## Task item
Look through the data below and extract, unchanged, the lines from the one that contains "Treatment options for" to the one that contains "Pražští hasiči odchytili", both included.

## Input records
::::::::

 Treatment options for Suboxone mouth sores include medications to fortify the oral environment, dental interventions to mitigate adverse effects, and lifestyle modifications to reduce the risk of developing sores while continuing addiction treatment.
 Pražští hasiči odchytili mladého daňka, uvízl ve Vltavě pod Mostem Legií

::::::::

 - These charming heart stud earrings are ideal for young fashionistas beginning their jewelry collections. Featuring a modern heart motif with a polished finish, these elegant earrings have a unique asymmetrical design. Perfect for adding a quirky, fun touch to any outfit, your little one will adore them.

::::::::

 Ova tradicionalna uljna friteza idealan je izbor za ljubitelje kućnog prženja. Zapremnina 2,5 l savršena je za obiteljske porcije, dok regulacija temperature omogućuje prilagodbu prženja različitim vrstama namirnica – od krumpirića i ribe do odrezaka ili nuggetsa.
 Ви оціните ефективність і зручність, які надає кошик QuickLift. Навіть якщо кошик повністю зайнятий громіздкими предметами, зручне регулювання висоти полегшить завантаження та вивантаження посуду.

::::::::

## Exercise solution
 Treatment options for Suboxone mouth sores include medications to fortify the oral environment, dental interventions to mitigate adverse effects, and lifestyle modifications to reduce the risk of developing sores while continuing addiction treatment.
 Pražští hasiči odchytili mladého daňka, uvízl ve Vltavě pod Mostem Legií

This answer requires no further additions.